Supplied material Start Marker

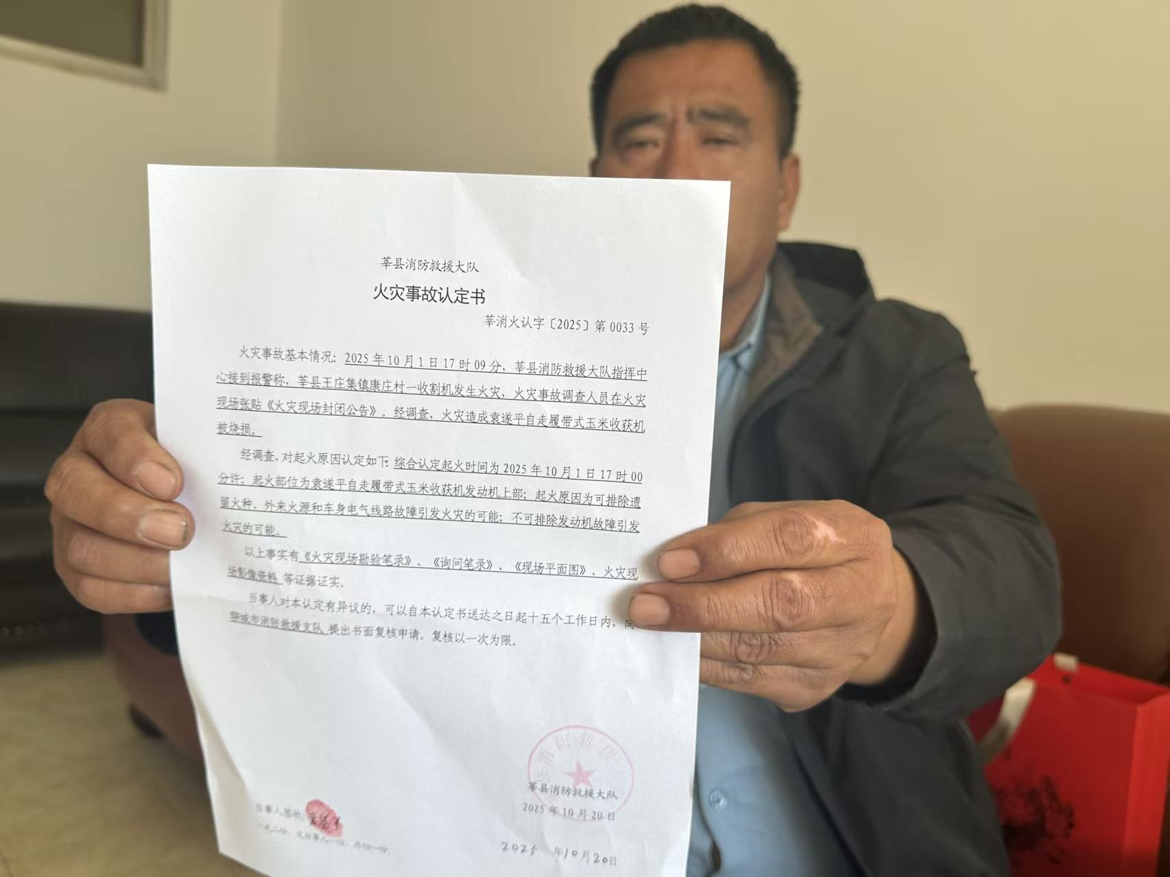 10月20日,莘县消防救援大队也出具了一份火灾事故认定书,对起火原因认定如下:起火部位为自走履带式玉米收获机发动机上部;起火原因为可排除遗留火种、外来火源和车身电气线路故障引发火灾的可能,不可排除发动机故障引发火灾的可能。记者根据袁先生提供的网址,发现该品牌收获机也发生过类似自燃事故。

Supplied material End Marker
Supplied material Start Marker

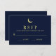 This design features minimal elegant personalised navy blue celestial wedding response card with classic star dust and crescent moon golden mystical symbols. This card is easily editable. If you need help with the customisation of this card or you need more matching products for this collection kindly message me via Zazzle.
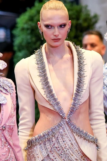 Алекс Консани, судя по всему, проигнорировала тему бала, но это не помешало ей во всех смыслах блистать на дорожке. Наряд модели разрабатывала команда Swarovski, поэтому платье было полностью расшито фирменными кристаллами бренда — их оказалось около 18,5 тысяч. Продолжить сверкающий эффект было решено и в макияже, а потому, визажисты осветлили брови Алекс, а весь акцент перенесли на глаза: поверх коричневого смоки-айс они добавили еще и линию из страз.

Supplied material End Marker

Requirement - From the records above, quote word for word only the lines beginning at the line that has "This design features" and stopping after the line that has "Алекс Консани, судя". Omit the pictures.

Written response -
 This design features minimal elegant personalised navy blue celestial wedding response card with classic star dust and crescent moon golden mystical symbols. This card is easily editable. If you need help with the customisation of this card or you need more matching products for this collection kindly message me via Zazzle.
 Алекс Консани, судя по всему, проигнорировала тему бала, но это не помешало ей во всех смыслах блистать на дорожке. Наряд модели разрабатывала команда Swarovski, поэтому платье было полностью расшито фирменными кристаллами бренда — их оказалось около 18,5 тысяч. Продолжить сверкающий эффект было решено и в макияже, а потому, визажисты осветлили брови Алекс, а весь акцент перенесли на глаза: поверх коричневого смоки-айс они добавили еще и линию из страз.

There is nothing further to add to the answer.